**Given data**
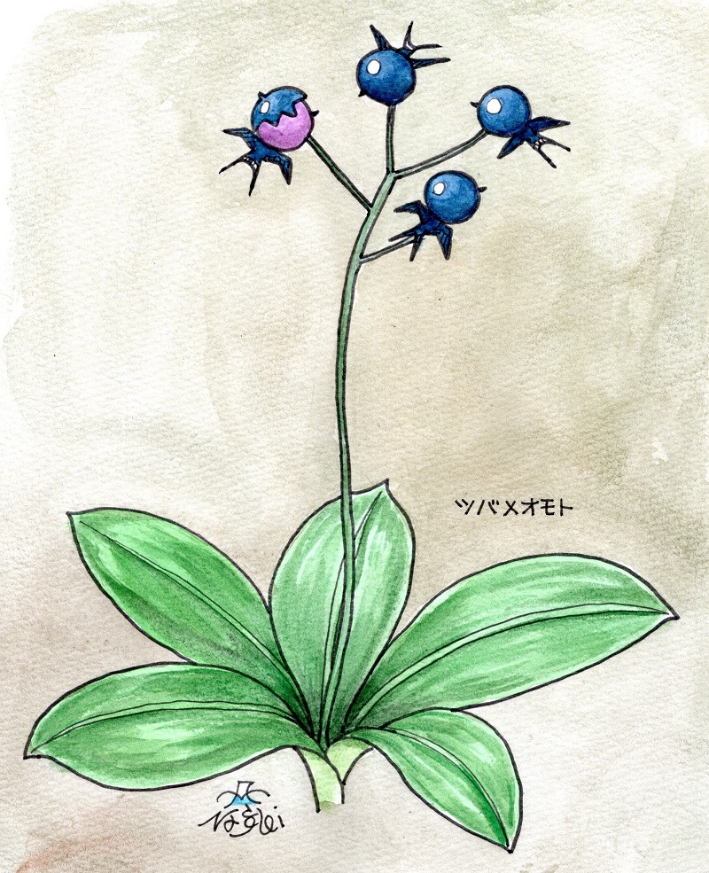 熟した果実がツバメの頭の色に似てるとか。ツバメオモトを描いてみました。
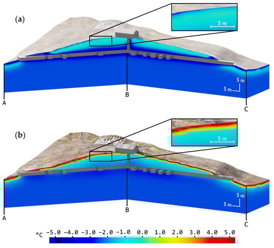 (a) Distributions of soil temperature around the ice cellar during the cold (15 March) season according to 2019 data. (b) Distributions of soil temperature around the ice cellar during the cold the warm (15 September) season according to 2019 data.
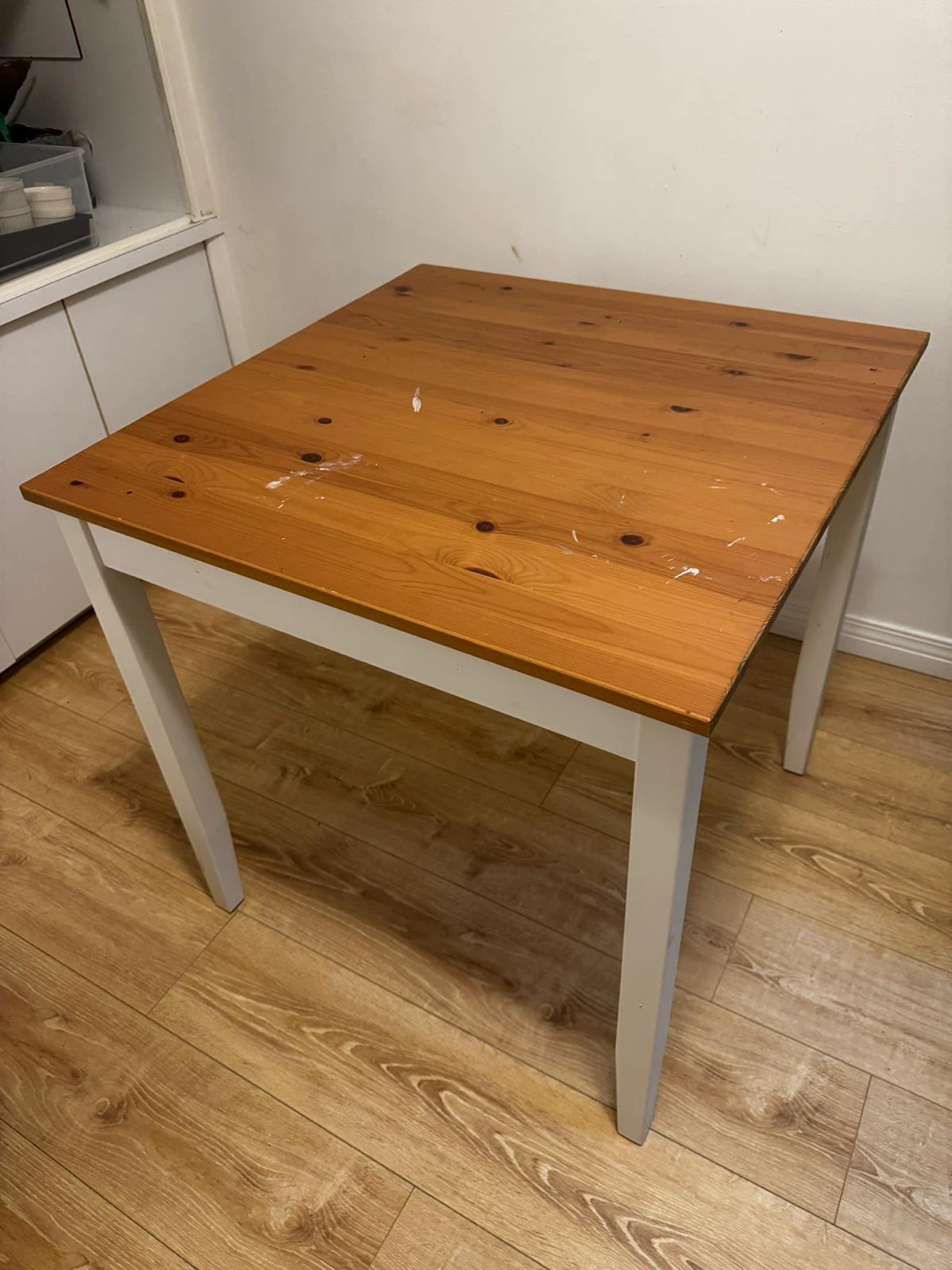 FREE IKEA Lerhamn table. It has a solid pine table top and white legs. There are some white paint stains on the table top, as shown in the pictures. It's sturdy and perfect for a small dining area or workspace

**Task item**
Retype the listing above exactly. Pictures are not part of the copy.

**Problem solution**
 熟した果実がツバメの頭の色に似てるとか。ツバメオモトを描いてみました。
 (a) Distributions of soil temperature around the ice cellar during the cold (15 March) season according to 2019 data. (b) Distributions of soil temperature around the ice cellar during the cold the warm (15 September) season according to 2019 data.
 FREE IKEA Lerhamn table. It has a solid pine table top and white legs. There are some white paint stains on the table top, as shown in the pictures. It's sturdy and perfect for a small dining area or workspace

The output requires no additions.